Work request >>
Please restate, exactly as they appear, only the lines from the one that contains "Track in foreground" to the final line of the entries, with no pictures.

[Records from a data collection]
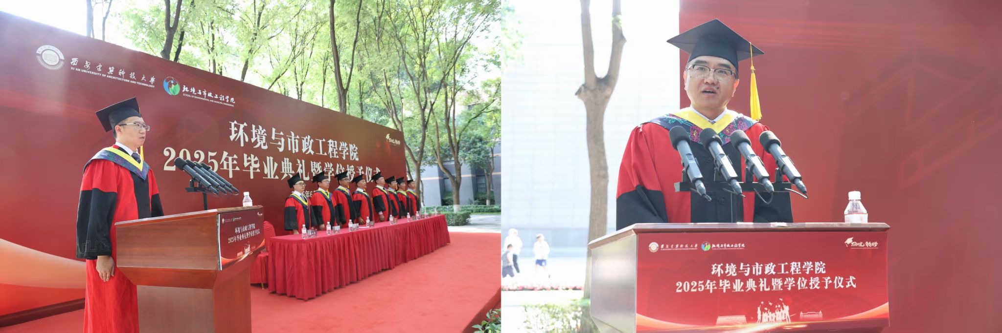 全体教师向2025届毕业生送上诚挚的祝福。他以“滴水世界”为喻,希望广大毕业生在未来的岁月里,能像具有强大自净能力的水体一样,不断汲取智慧、沉淀心性、涤荡灵魂,在时代的洪流中永葆内心的澄澈与方向的明晰,书写属于新一代环境人的壮丽诗篇。
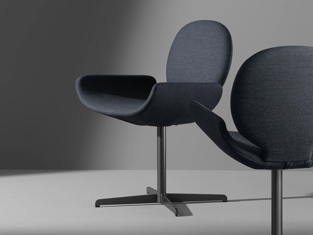 Whimsical and out-of-the-box, Youpi Chair features a back profile reminiscent of that of a stylized human figure, with arms outstretched as if inviting someone to sit within its embrace. This seat strikes for its highly original design that adds a touch of irony to lines that are in themselves sharp and pleasing, pefrect for fitting into diverse furnishing contexts. Upholstery can be leather or fabric, distributed over the entire surface. The circular backrest flows into the wide seat, and the whole is sustained by a flared cylindrical base, excellent for supporting, but without taking up more space. Youpi Chair is also available in a version with four metal legs, for those who prefer a more canonical design.
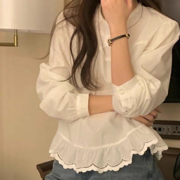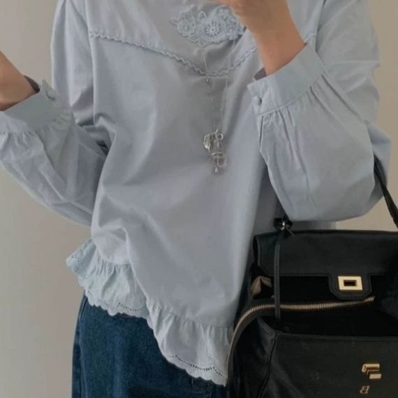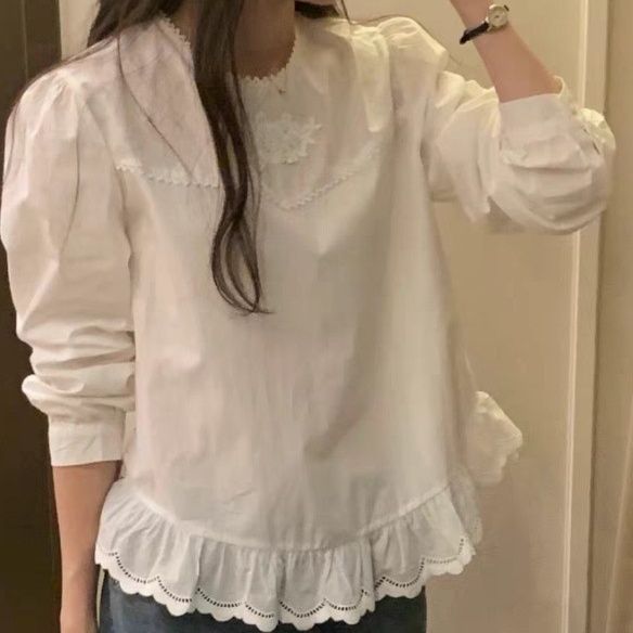 裾のスカラップ刺繍が可愛らしいフリルブラウスです。 裾 フリルには繊細な透かし模様が施され、女性らしさを演出します。 ふんわりとしたパフスリーブと丸襟のデザインが優しい印象を与え、カジュアルからきれいめまで幅広く着こなせます。 裾のギャザーフリルが動くたびに揺れ、軽やかで上品な雰囲気を醸し出します。 一枚でコーディネートの主役になる、デイリー使いに最適なアイテムです。
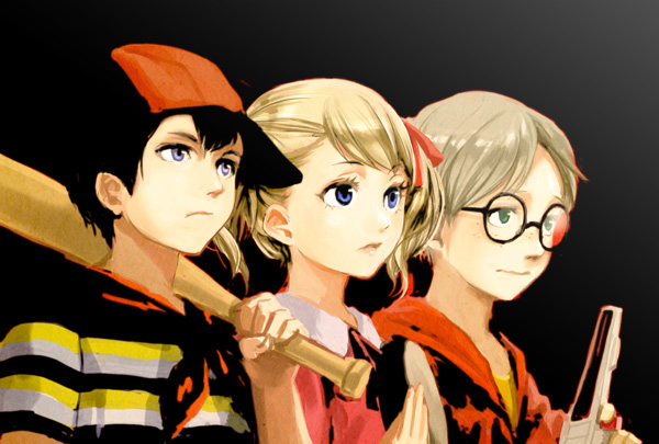 1girl 2boys ana_(mother) backwards_hat baseball_bat baseball_cap black_background black_hair blonde_hair blue_eyes brown_eyes chickenb child dress freckles glasses hat lloyd_(mother) mother_(series) mother_1 multiple_boys neckerchief ninten nintendo realistic ribbon sassa_(cb) shirt simple_background striped_clothes striped_shirt twintails white_hair
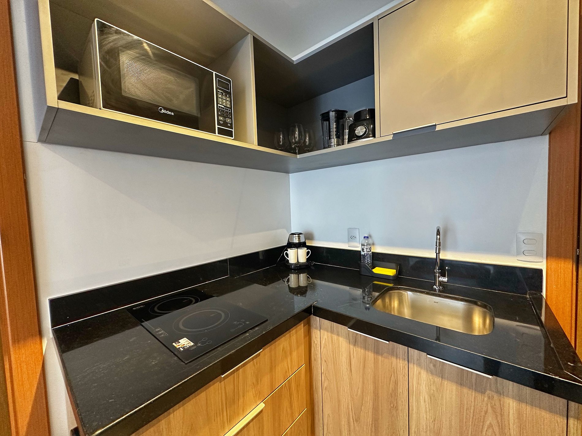 O espaço conta com uma cozinha integrada e compacta com todos os principais utensílios, cafeteira, cooktop de indução, microondas, geladeira e bancada de granito
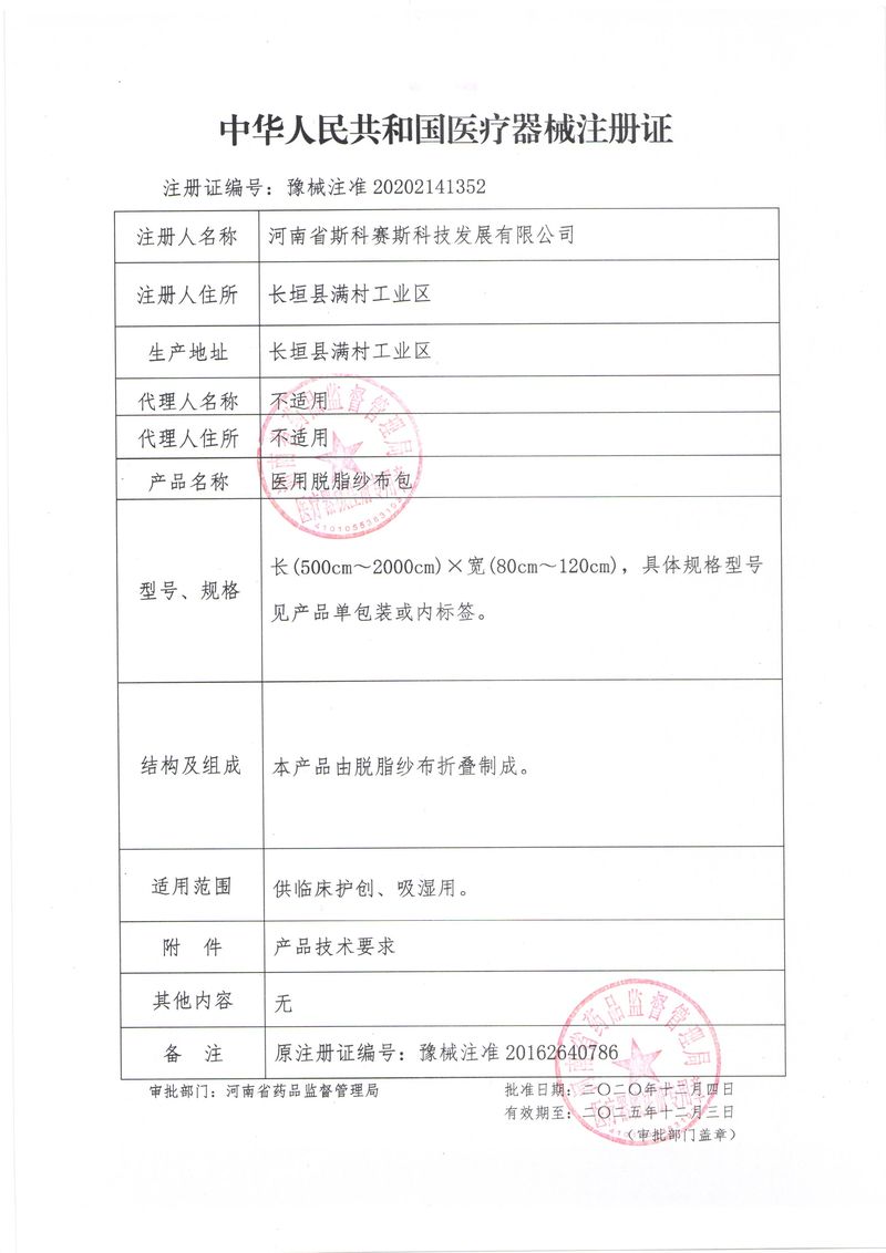 河南省斯科賽斯科技發(fā)展有限公司創(chuàng)建于 2011 年,位于“中國醫(yī)療耗材之都”- 河南省長垣縣,西臨 308 省道,南靠新菏鐵路,北依長濟高速,交通便捷,經(jīng)濟發(fā)達,環(huán)境優(yōu)美。斯科賽斯積極進入醫(yī)療健康和服務(wù)領(lǐng)域,秉承為用戶創(chuàng)造價值的理念,專注于醫(yī)用耗材解決方案的研發(fā)和運營,并為用戶提供完善的產(chǎn)品解決方案;  斯科賽斯主要生產(chǎn)醫(yī)用麻醉系列、醫(yī)用高分子系列、醫(yī)用敷料包系列、醫(yī)用無紡布系列、醫(yī)用防護系列、醫(yī)用脫脂棉系列、生物材料制品類等七大類、100 多個品種、400 多個規(guī)格的產(chǎn)品。公司占地面積約 30000 平方米,建筑面積20000 平方米,擁有 10 萬級的凈化車間總面積 10000 平方米。擁有國際先進水平的生產(chǎn)設(shè)備和檢測儀器,技術(shù)裝備精良,檢測手段完善,為醫(yī)療行業(yè)的不斷發(fā)展進步提供保障。公司順利通過 ISO9001、ISO13485 質(zhì)量管理體系認(rèn)證。  斯科賽斯堅持研發(fā)高科技新產(chǎn)品,力爭在醫(yī)療器械關(guān)鍵領(lǐng)域取得技術(shù)和研發(fā)的重大突破;立足國內(nèi)和國際兩個市場,逐步實現(xiàn)管理理念、經(jīng)營機制、人力資源、技術(shù)、產(chǎn)品、市場等全方位對接,提高企業(yè)的核心競爭力;過去的歲月里,斯科賽斯砥礪前行,誠信務(wù)實,銳意進取,不斷創(chuàng)新,用自己的睿智和辛勞,以富有責(zé)任感的使命,在探索中追求,在追求中超越,致力于成為值得信賴的醫(yī)療用品生產(chǎn)企業(yè)!在未來的日子里,斯科賽斯將一如既往豪情滿懷,信心百倍,攜手并肩,執(zhí)著追求,向更高的的目標(biāo)前進,鑄造新的輝煌!
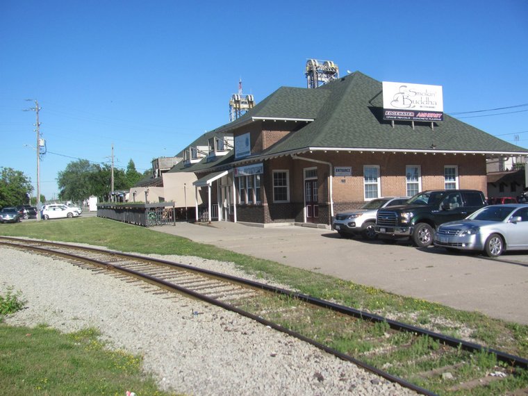 Track in foreground is Port Colborne Harbour (railway owned by city) and contracted to Trillium. Note Welland Canal lift bridge hidden behind restaurant roof.
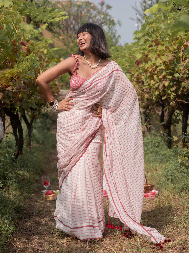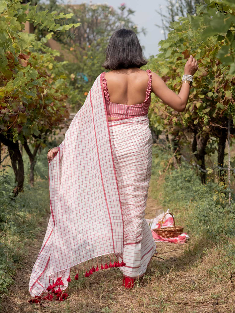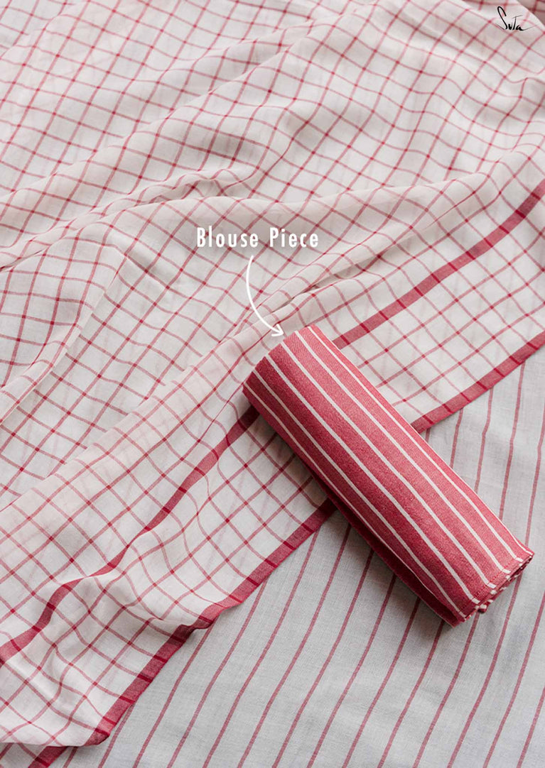 Imagine the flutter of a heartbeat that skips a beat, the rhythm quickening with every thought of love. Dil on Grid captures this very essence in its weave. Crafted from soft mul cotton, the saree features delicate off-white, maroon checks and stripes, coming together in a harmonious visual melody. Playful maroon tassels dance gracefully along the pallu, bringing a hint of charm to the ensemble. This saree comes with a matching striped blouse piece attached.
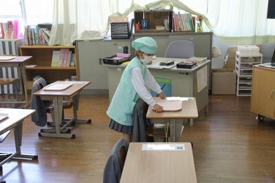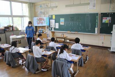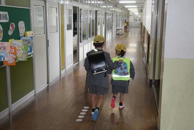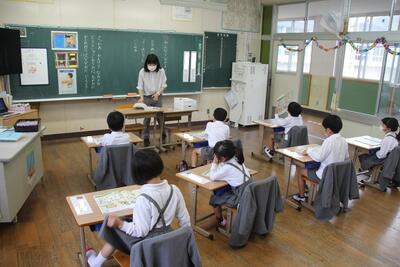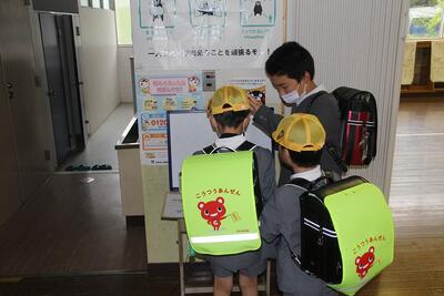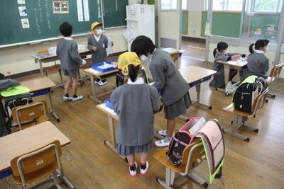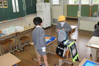 1年生の学校生活がスタートしました。登校班で上級生と一緒に登校しました。靴箱や傘立てに自分のものを収納して、消毒と検温をしました。やり方がよく分からなくて戸惑っているときは、上級生がやさしく教えていました。教室に入り、ランドセルから教科書や筆箱を取り出し、机の引き出しの中に移すときも、上級生が手伝っていました。道徳の学習では、みんながなかよくなれるためにどうすればよいか一生懸命考えていました。初めて体験することばかりですが、1年生はそれを楽しんでいるように見えました。1年生の皆さん、よくがんばりました。
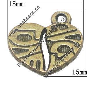 Pendant. Fashion Zinc Alloy Jewelry Findings. Heart 17x12mm. Sold by Bag
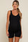 A sleeveless ribbed maternity bodysuit. Fitted. Rounded neckline.

Answer box >>
 Track in foreground is Port Colborne Harbour (railway owned by city) and contracted to Trillium. Note Welland Canal lift bridge hidden behind restaurant roof.
 Imagine the flutter of a heartbeat that skips a beat, the rhythm quickening with every thought of love. Dil on Grid captures this very essence in its weave. Crafted from soft mul cotton, the saree features delicate off-white, maroon checks and stripes, coming together in a harmonious visual melody. Playful maroon tassels dance gracefully along the pallu, bringing a hint of charm to the ensemble. This saree comes with a matching striped blouse piece attached.
 1年生の学校生活がスタートしました。登校班で上級生と一緒に登校しました。靴箱や傘立てに自分のものを収納して、消毒と検温をしました。やり方がよく分からなくて戸惑っているときは、上級生がやさしく教えていました。教室に入り、ランドセルから教科書や筆箱を取り出し、机の引き出しの中に移すときも、上級生が手伝っていました。道徳の学習では、みんながなかよくなれるためにどうすればよいか一生懸命考えていました。初めて体験することばかりですが、1年生はそれを楽しんでいるように見えました。1年生の皆さん、よくがんばりました。
 Pendant. Fashion Zinc Alloy Jewelry Findings. Heart 17x12mm. Sold by Bag
 A sleeveless ribbed maternity bodysuit. Fitted. Rounded neckline.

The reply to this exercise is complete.